The Part 36 offer letter continued by making an offer to settle the entire proceedings on terms that TBL paid £48,290,000 within 14 days of accepting the offer. The settlement sum excluded costs but was stated to be inclusive of interest until the end of the 21-day period provided for in CPR Part 36. The end of the relevant period was 25 May 2020. The letter pointed out the consequences of failing to accept the offer if Rawbank succeeded in obtaining a judgment equal to or more advantageous than the offer. These included the payment of indemnity costs, interest on the principal sum and costs at up to 10% from the end of the relevant period, and an additional amount of 10% of the damages up to £500,000 and 5% of damages awarded about that figure.

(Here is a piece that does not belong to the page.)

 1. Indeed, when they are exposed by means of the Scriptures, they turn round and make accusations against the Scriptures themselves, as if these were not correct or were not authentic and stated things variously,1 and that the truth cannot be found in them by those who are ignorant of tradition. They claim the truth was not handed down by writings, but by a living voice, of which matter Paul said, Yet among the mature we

This reflected the terms of CPR Rule 36.17(4), which provides that where the judgment ordered against the defendant is at least as advantageous to the claimant as the proposals contained in its Part 36 offer, then
“the court must, unless it considers it unjust to do so, order that the claimant is entitled to (a) interest on the whole or part of any sum of money (excluding interest) awarded, at a rate not exceeding 10% above base rate for some or all of the period starting with the date on which the relevant period expired; (b) costs (including any recoverable pre-action costs) on the indemnity basis from the date on which the relevant period expired; (c) interest on those costs at a rate not exceeding 10% above base rate; and (d) provided that the case has been decided and there has not been a previous order under this subparagraph, an additional amount, which shall not exceed £75,000, calculated by applying the prescribed percentage set out below to an amount which is (i) the sum awarded to the claimant by the court…” (The prescribed percentage is 10% of the first £500,000 and 5% of any amount over that figure.)

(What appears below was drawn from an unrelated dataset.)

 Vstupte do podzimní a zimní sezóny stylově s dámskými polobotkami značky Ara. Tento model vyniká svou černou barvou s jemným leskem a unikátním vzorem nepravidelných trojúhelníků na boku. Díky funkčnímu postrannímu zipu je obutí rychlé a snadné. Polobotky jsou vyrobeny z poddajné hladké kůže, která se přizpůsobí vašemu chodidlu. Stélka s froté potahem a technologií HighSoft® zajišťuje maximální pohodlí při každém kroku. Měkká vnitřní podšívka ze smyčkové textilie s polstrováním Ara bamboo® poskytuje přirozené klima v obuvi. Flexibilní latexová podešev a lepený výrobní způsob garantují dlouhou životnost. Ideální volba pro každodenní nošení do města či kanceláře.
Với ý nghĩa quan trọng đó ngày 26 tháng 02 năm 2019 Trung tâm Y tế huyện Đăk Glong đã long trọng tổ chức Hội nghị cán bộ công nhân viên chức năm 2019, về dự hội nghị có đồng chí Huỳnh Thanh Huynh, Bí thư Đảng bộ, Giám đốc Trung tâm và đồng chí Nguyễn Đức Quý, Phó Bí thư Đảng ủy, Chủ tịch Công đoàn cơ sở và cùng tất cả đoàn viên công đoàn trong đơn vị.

In considering whether it would be unjust to make the orders referred to in Rule 36.17(4), the court must take into account all the circumstances of the case, including: (a) the terms of the Part 36 offer; (b) the stage in the proceedings when any Part 36 offer was made, including in particular how long before the trial started the offer was made; (c) the information available to the parties at the time when the Party 36 offer was made; (d) the conduct of the parties with regard to the giving or refusal to give information for the purposes of enabling the offer to be evaluated; and (e) whether the offer was a genuine attempt to settle the proceedings.
Mr Smith made the preliminary point that Rawbank had not identified, for example in its skeleton for this application, that it would be seeking orders under Rule 36.17(4)(a), (c) and (d). That is true, but it does not preclude orders being made given that the court is mandated to make such orders in every case, unless it is unjust to do so, and the Part 36 offer letter made express reference to these consequences.
TBL contends that the offer was not a genuine attempt to settle the proceedings and for that reason it would be unjust to make any of the orders referred to in rule 36.17(4). Mr Smith referred me to AB v CD [2011] EWHC 602 (Ch), per Henderson J at [22], where he held that the offer must contain some genuine element of concession, so that an “offer” to accept the full amount claimed would not fall within the rule. Henderson J noted that a settlement that was all take and no give would not be a settlement at all. Mr Smith also referred me to Huck v Robson [2002] EWCA Civ 398, in which an offer to settle at 95% of the sum claimed on liability was considered to be a genuine offer to settle. Mr Smith relies on a passage in the decision of Tuckey LJ, at [71]:
“…if it was self-evident that the offer made was merely a tactical step designed to secure the benefit of the incentives provided by the rule (e.g. an offer to settle for 99.9% of the full value of the claim) I would agree with Jonathan Parker LJ that the judge would have a discretion to refuse indemnity costs. But that cannot be said of the offer made in this case.”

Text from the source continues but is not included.